For the entries below, the expected answer is the line with "Once on board", the line with "圖為狐貍媽媽與小狐貍在草原上嬉戲。 趙時春 攝", and every line between them, exactly as written, and nothing more.

> _Information supplied_
Start of Block

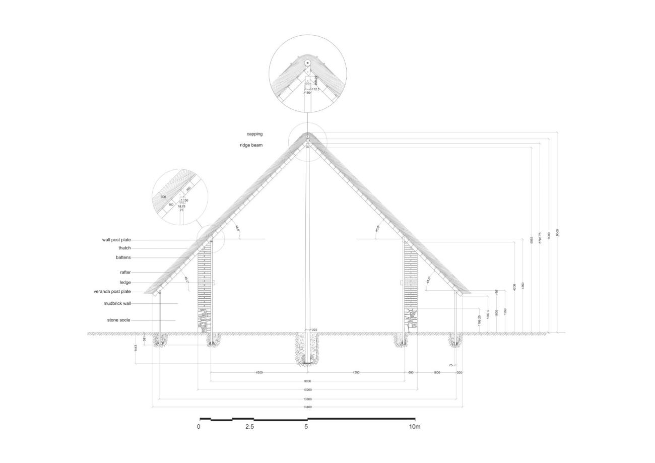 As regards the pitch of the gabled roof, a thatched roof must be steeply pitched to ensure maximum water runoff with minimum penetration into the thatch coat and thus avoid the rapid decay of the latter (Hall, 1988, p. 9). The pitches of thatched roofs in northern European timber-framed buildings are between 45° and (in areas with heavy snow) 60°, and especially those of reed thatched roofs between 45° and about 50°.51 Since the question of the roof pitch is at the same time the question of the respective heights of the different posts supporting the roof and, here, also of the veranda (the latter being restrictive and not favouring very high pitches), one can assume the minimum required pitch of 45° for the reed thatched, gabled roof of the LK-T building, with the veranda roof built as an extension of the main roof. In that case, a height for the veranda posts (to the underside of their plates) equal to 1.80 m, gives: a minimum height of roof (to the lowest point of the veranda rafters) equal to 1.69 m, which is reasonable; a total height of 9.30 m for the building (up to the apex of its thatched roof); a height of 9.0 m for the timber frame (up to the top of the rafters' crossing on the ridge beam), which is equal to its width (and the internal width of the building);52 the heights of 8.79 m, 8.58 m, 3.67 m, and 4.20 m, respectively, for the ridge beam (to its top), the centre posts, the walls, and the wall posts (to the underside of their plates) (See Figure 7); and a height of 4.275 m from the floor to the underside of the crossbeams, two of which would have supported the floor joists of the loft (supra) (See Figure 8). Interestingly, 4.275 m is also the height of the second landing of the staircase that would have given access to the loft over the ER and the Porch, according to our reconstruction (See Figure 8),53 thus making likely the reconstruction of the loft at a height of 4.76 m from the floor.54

End of Block
Start of Block

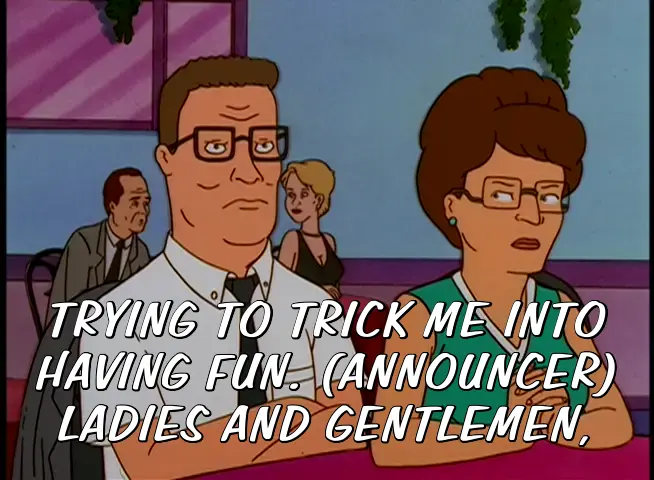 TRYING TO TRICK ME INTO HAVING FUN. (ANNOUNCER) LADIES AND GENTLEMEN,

End of Block
Start of Block

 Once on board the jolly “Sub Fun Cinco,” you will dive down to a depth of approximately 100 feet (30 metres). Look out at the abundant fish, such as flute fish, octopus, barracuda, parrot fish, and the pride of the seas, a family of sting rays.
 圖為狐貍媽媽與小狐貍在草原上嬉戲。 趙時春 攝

End of Block

> _Problem solution_
 Once on board the jolly “Sub Fun Cinco,” you will dive down to a depth of approximately 100 feet (30 metres). Look out at the abundant fish, such as flute fish, octopus, barracuda, parrot fish, and the pride of the seas, a family of sting rays.
 圖為狐貍媽媽與小狐貍在草原上嬉戲。 趙時春 攝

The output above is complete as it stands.